EXERCISE REQUIREMENTS: What are the lines below, starting at the line containing "Working from the" and ending at the line containing "The Space@sáv – recreational facilities"? Write them out exactly, ends included, without pictures.

———

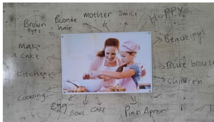
Figure 4.3 The example of Picture Word Inductive Model

In the results of observations, the researcher found the teacher asked questions and gave labels based on students' answers to the pictures, after the teacher gave an overview by giving several questions related to the pictures, the teacher asked students to continue looking for and writing nouns or physical conditions based on what they found in the pictures and write to whiteboard and into notebooks.
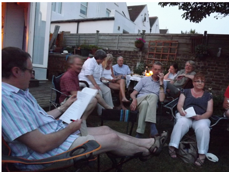
THE JUDGE'S ANSWER IS FINAL!
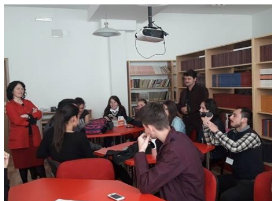
Trainings for Community reporting, Storytelling
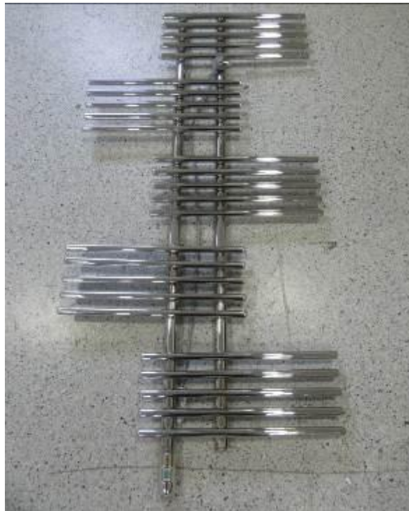
Photo 2. Fiji 650x1250mm
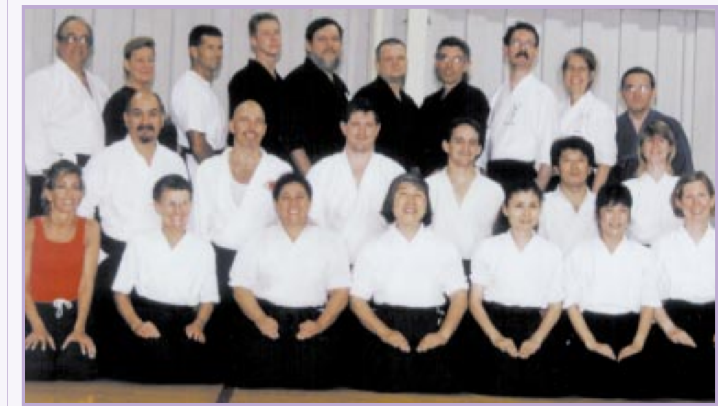
Long Island Seminar Participants, August 1999
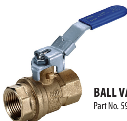
BALL VALVE Part No. 595C41
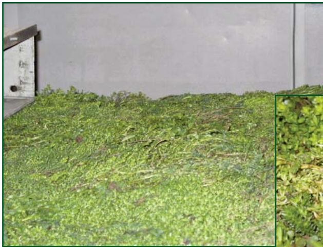
Photo 6 – Sedum planting after two hours' exposure to 110-mph wind.

Working from the last sentence of the previous section, "Roof coverings shall comply with section 1609.5.1," it states that the roof coverings shall be designed to withstand the wind pressures determined in accordance with ASCE 7. How do these systems withstand the wind pressures? Since the typical extensive system weighs about 20
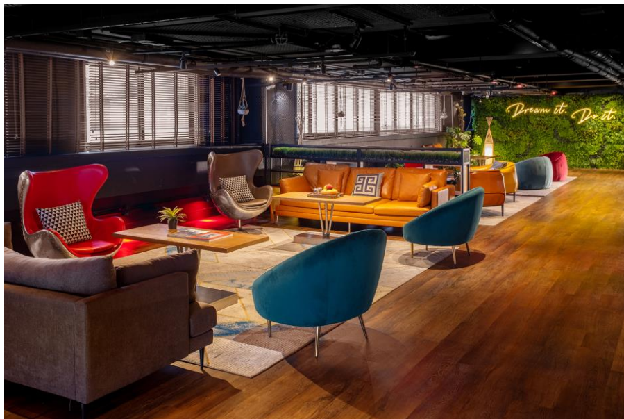
The Space@sáv – recreational facilities
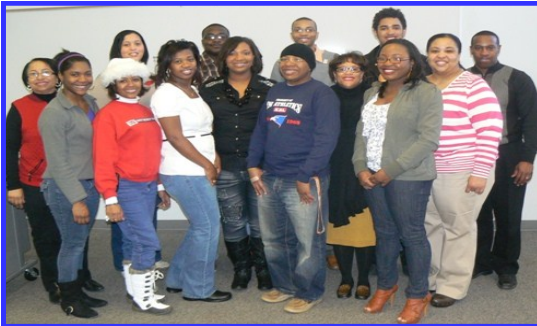
USI Black Alumni Society

2011 Homecoming Reception PAC 209 Sponsored by the USI Alumni and Multicultural Center
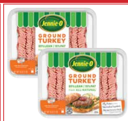
Jennie-O 85% Lean Ground Turkey 16 oz.
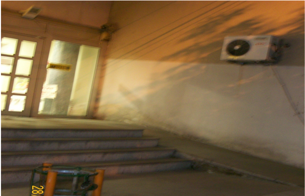
Stopanska Bank - Prilep
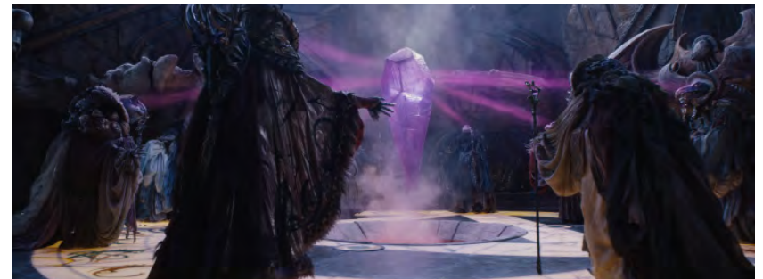
Dark Crystal © 2019 Netflix | Image courtesy of DNEG

Employees can leverage NVIDIA vPC and vApps for general-purpose virtual desktop infrastructure (VDI) running Windows 10 and modern productivity applications. Creators can also stream video and multimedia using interactive training platforms and teleconferencing.

———

RESPONSE:
Working from the last sentence of the previous section, "Roof coverings shall comply with section 1609.5.1," it states that the roof coverings shall be designed to withstand the wind pressures determined in accordance with ASCE 7. How do these systems withstand the wind pressures? Since the typical extensive system weighs about 20
The Space@sáv – recreational facilities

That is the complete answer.